Please print, exactly as written, the line containing "Những cầu thủ" and each line after it through the end of the material; pictures stay out.
*** Dataset records Section Begins ***
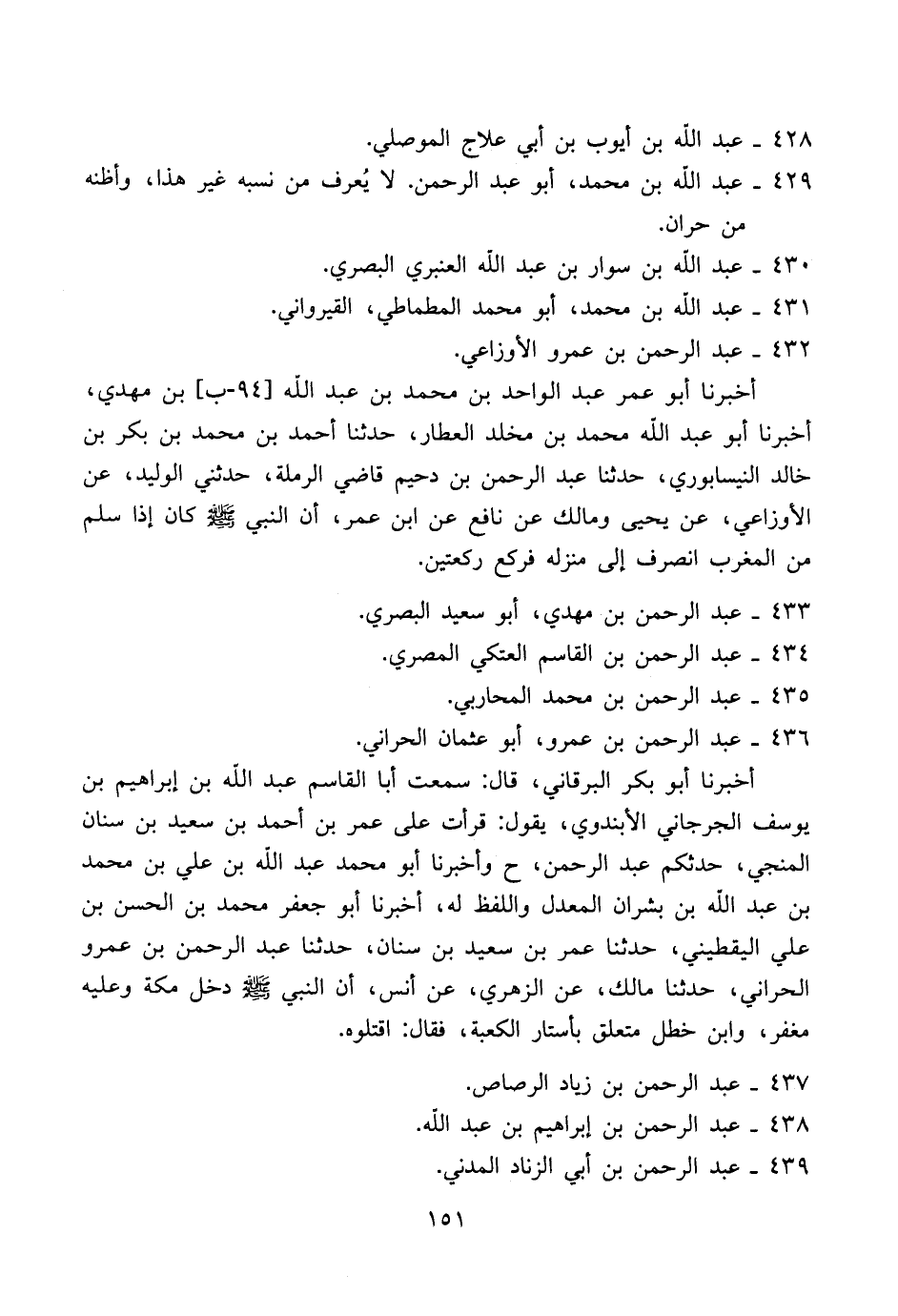 ٤٢٩ - عبد الله بن محمد، أبو عبد الرحمن لا يُعرف من نسبه غير هذا، وأظنه من حران
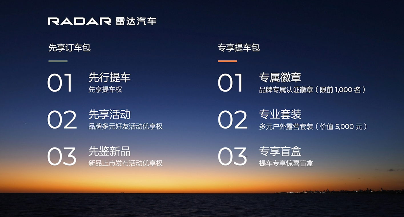 准车主福利进行时!雷达RD6将于今年上市,现在“0元预定”通道已开启。首批预订用户,可享受优先提车权、品牌多元好友活动优享权、新品上市发布活动优享权等先享订车礼包,还可获得雷达汽车官方App品牌专属认证徽章、惊喜盲盒、价值 5000 元的多元户外露营装备等专享提车礼包。即刻,开启多元户外精彩生活。
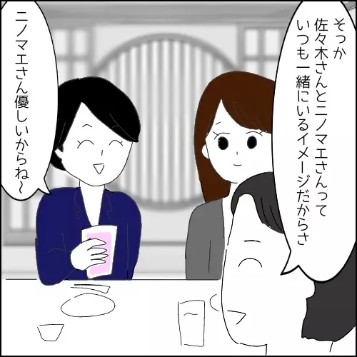 そして今回、終業後に課長の「飲みに行くかぁ?」のひと声で飲み会が発生!一さんも参加したその席で、ヨシダさんに「佐々木さんいないの?」と聞かれ、シタナガさんから「佐々木さんとニノマエさんっていつも一緒にいるイメージ」「ニノマエさん優しいからね〜」と言われた一さん。シタナガさんの“優しい”という言葉になにか含みがあるような……?さては、一さんと佐々木さんの関係性になにか思うところがあるのか!?
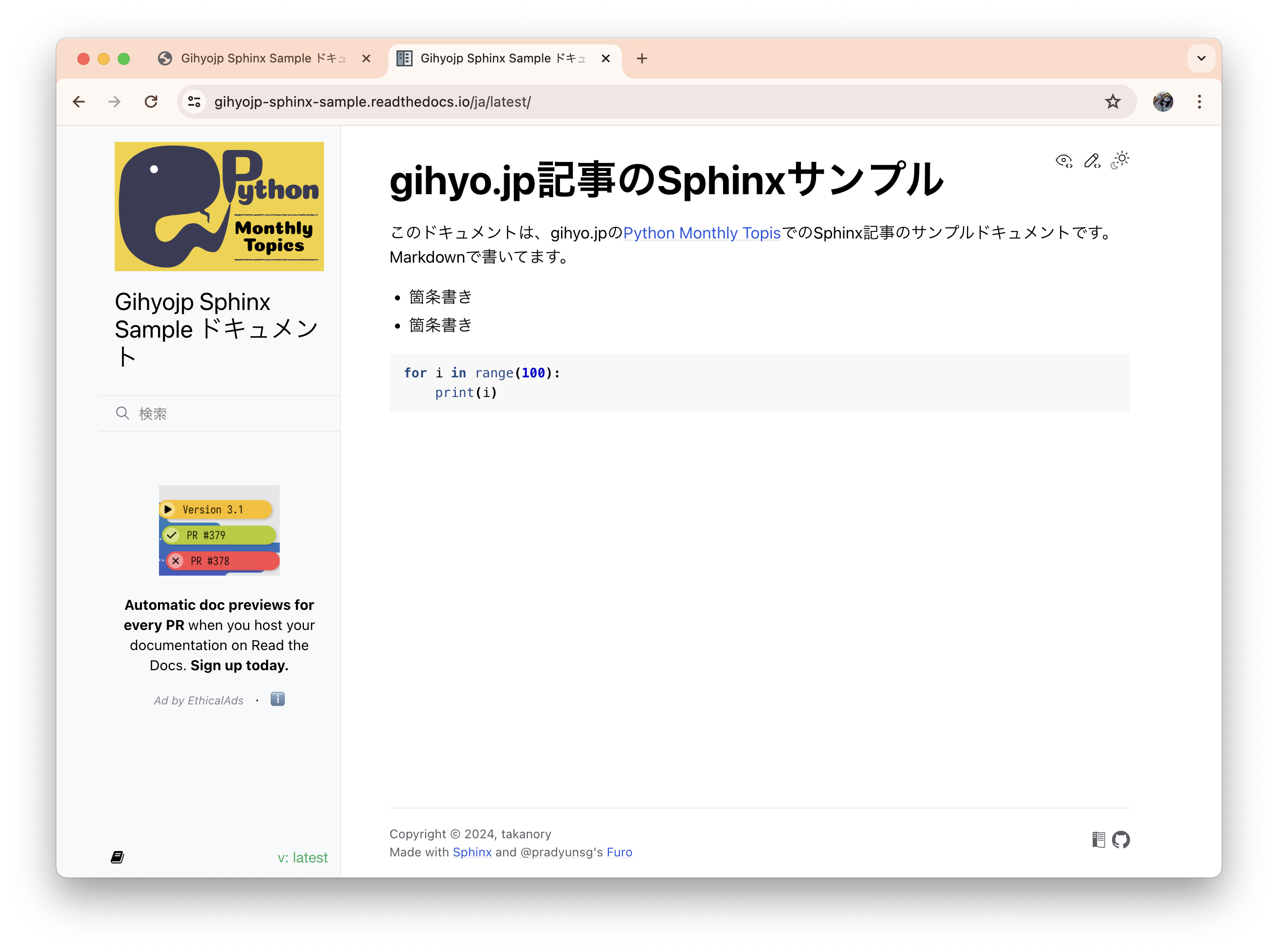 このドキュメントは、gihyo.jpのPython Monthly Topics(https://gihyo.jp/list/group/Python-Monthly-Topics)でのSphinx記事のサンプルドキュメントです。
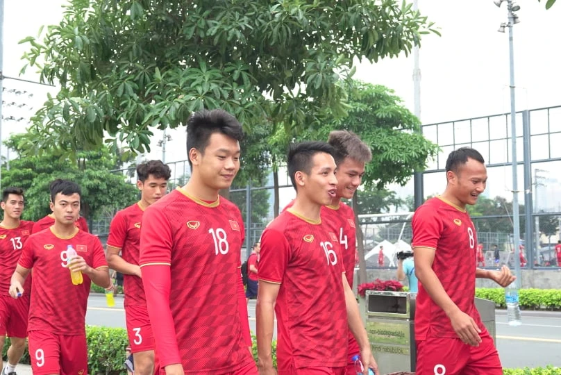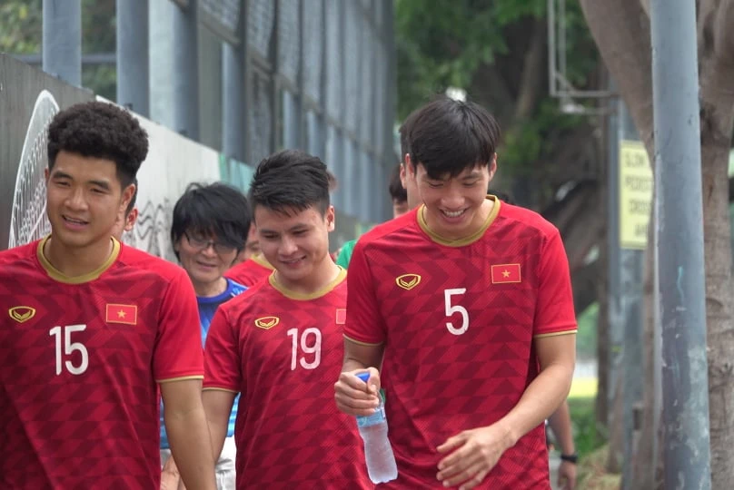 Những cầu thủ Việt Nam thư thái sau ba trận vòng bảng toàn thắng...
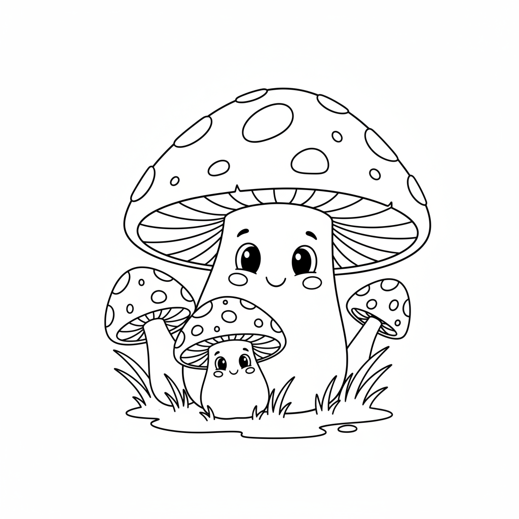 Beautiful happy toadstool family with parent and baby mushrooms coloring page for kids and adults. Free to download and print.
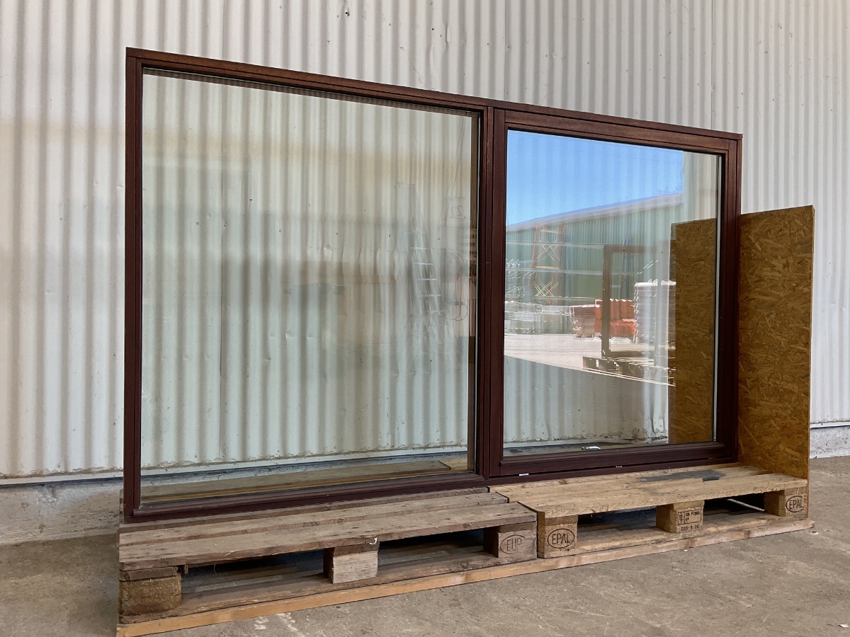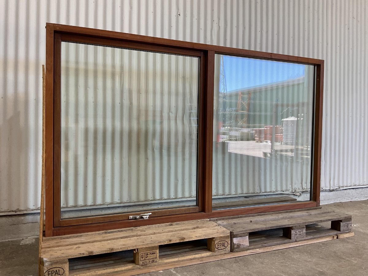 Brugt Mahogni Vinduesparti, træ/træ, 2 lag glas, topstyret/fastkarm, mål: H137,8 B237,3 D9,5 Varenummer: 1899 2, 2 lags glas, Topstyret, Fastkarm, Træ/Træ, Andet
*** Dataset records Section Ends ***
Task response –
 Những cầu thủ Việt Nam thư thái sau ba trận vòng bảng toàn thắng...
 Beautiful happy toadstool family with parent and baby mushrooms coloring page for kids and adults. Free to download and print.
 Brugt Mahogni Vinduesparti, træ/træ, 2 lag glas, topstyret/fastkarm, mål: H137,8 B237,3 D9,5 Varenummer: 1899 2, 2 lags glas, Topstyret, Fastkarm, Træ/Træ, Andet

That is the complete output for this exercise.